# Massage Therapy



## Lisa (Jan 2, 2006)

I have had some chronic pain in my left rib area for well over a year now, maybe even longer.  Old injury that I probably never let heal properly.  It is aggrevated when I grapple and darn near makes me jump out of my skin when someone side mounts me and applies pressure on my ribs.  I have been going to the chiropractor, gave it time to heal etc. and nothing seemed to help.

I started some massage therapy at the recommendation of my doctor.  He said he could feel my anterior and posterior serratus muscle was tense and upon palpation was very tender.

I have had three treatments and I must say, I haven't felt this good in a long while.  The pain has subsided substantially and I am no longer waking up in pain in the morning. 

Anyone else have good or bad experiences with massage therapy?  How often do you go?  Do you use it for injury only or as part of your overall healthy routine.  I am thinking of making it a part of my routine, maybe once a month or so to get the knots out.


----------



## green meanie (Jan 2, 2006)

I had a situation that was almost identical to yours, the only difference is the injury was in my neck.
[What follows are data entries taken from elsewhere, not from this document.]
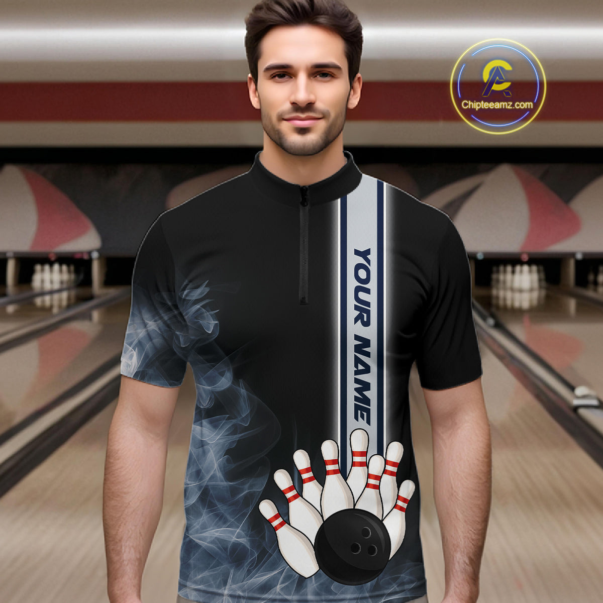 Black Smoke Bowling Polo, Quarter Zip Shirts For Men Custom Team Bowling Tournament Jerseys NQS10681
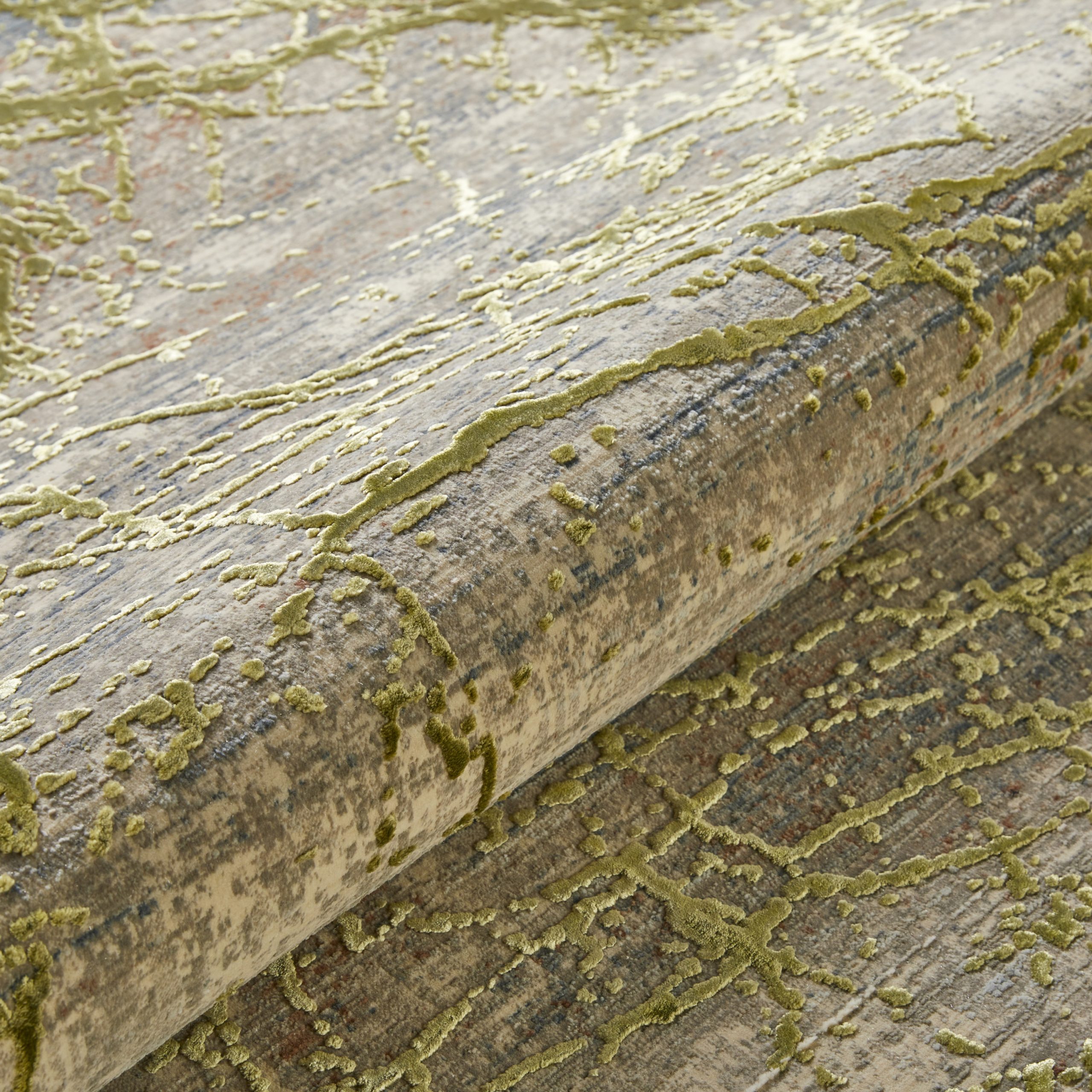 Baker Street Rug – Neon Green This stunning modern rug combines a glowing emerald with neutral tones to form a tranquil abstract design. It is created in Turkey on a power loom, using threads of polyester and art silk. These materials give the high and low pile texture a lustrous shimmer, perfect for a bedroom or living room rug. This collection has the finest knot count and intricate detailing of any power loomed rugs. They truly are heaven underfoot.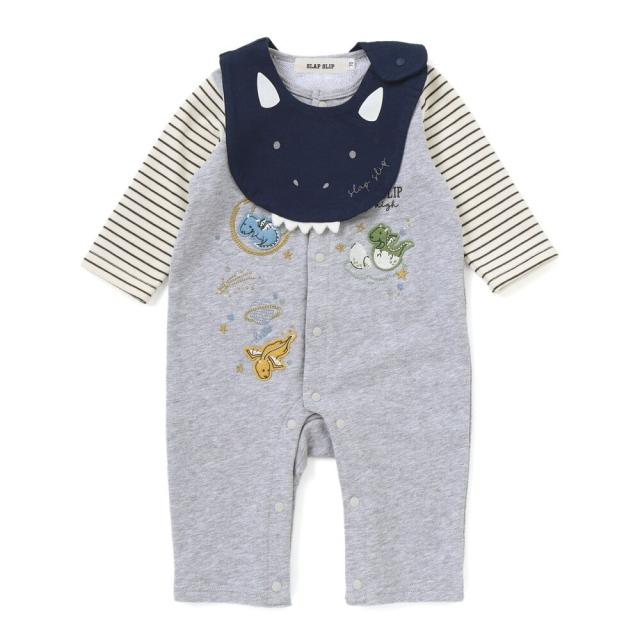 【50%OFF 2025秋物 ベビー 赤ちゃん】 SLAP SLIP(スラップスリップ)ドラゴン刺しゅうロンパース+お顔スタイ2点セットベビー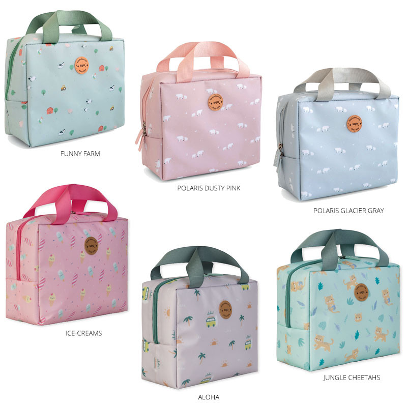 Bolsa Térmica en 6 Colores y dibujos diferentes: Verde-Granja divertida, Rosa-Osos polares, Gris-Osos polares, Verde-Guepardos jungla, Blanco-Aloha, Rosa-Helados. Gracias a su práctico diseño, podrás aprovechar al máximo su espacio interior para llevar todos los alimentos bien organizados, manteniendo la temperatura de los alimentos tanto en frío (hasta 3-4 h.) como en caliente (hasta 5-6 h.)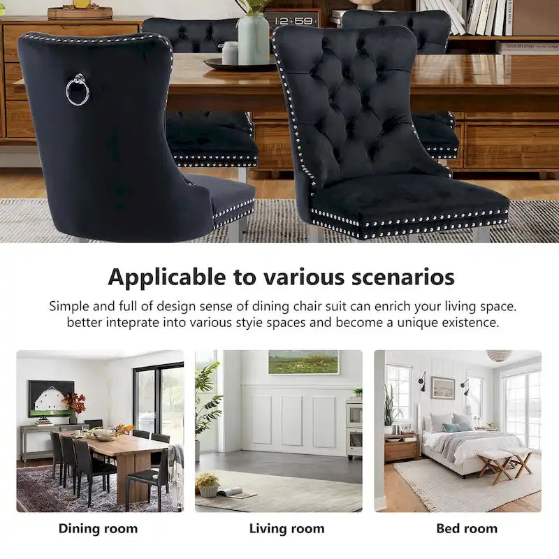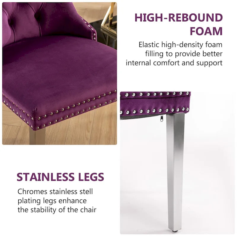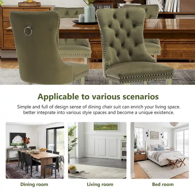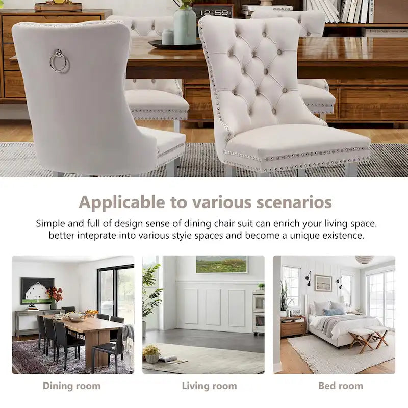 - Elegant Design & Sophisticated Details - Add a touch of luxury to your dining room with this set of 2 chic dining chairs. The delicate nailhead trim and tufted details create a sophisticated and refined look, while the metal ring on the back serves both as a decorative accent and a functional handle for easy chair movement. Perfect for elevating your dining areas style.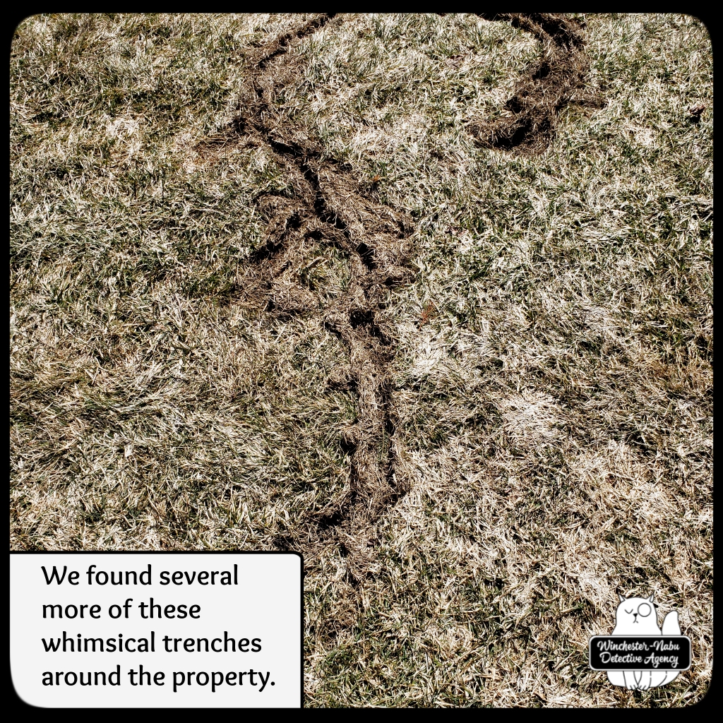We discovered miniature ditches in a three-branch design in the field behind Fort Winchester near the Fire Trail. We had to work with the Blue Jay Gang to get more information and learned that the crevasses were the result of a basilisk under the ground. The monster was repelled successfully with an ultrasonic device.

I went to a chiropractor I knew and trusted and she tried to work the problem out a couple of times without success. A friend suggested I give massage therapy a try. I was a bit skeptical but at that point I was getting pretty desperate so I went. The results were amazing. One 45 minute session did the trick. I went back two weeks later for a 30 minute follow-up and haven't had any problems since. Healing hands, I swear. I'm such a big believer of it now that I hang an advertisement for the place in my school so if any of my students get twisted up wrong they'll know just where to go. It's good stuff, no doubt about it.


----------



## Ping898 (Jan 2, 2006)

Lisa - What you probably had was some scar tissue there which is just the chiro didn't help.  My mom has a similar problem with her shoulder and goes to a chiro that does adjustments and does massage therapy it does great things for her.....


----------



## Shirt Ripper (Jan 2, 2006)

Just out of curiousity, what was the initial injury?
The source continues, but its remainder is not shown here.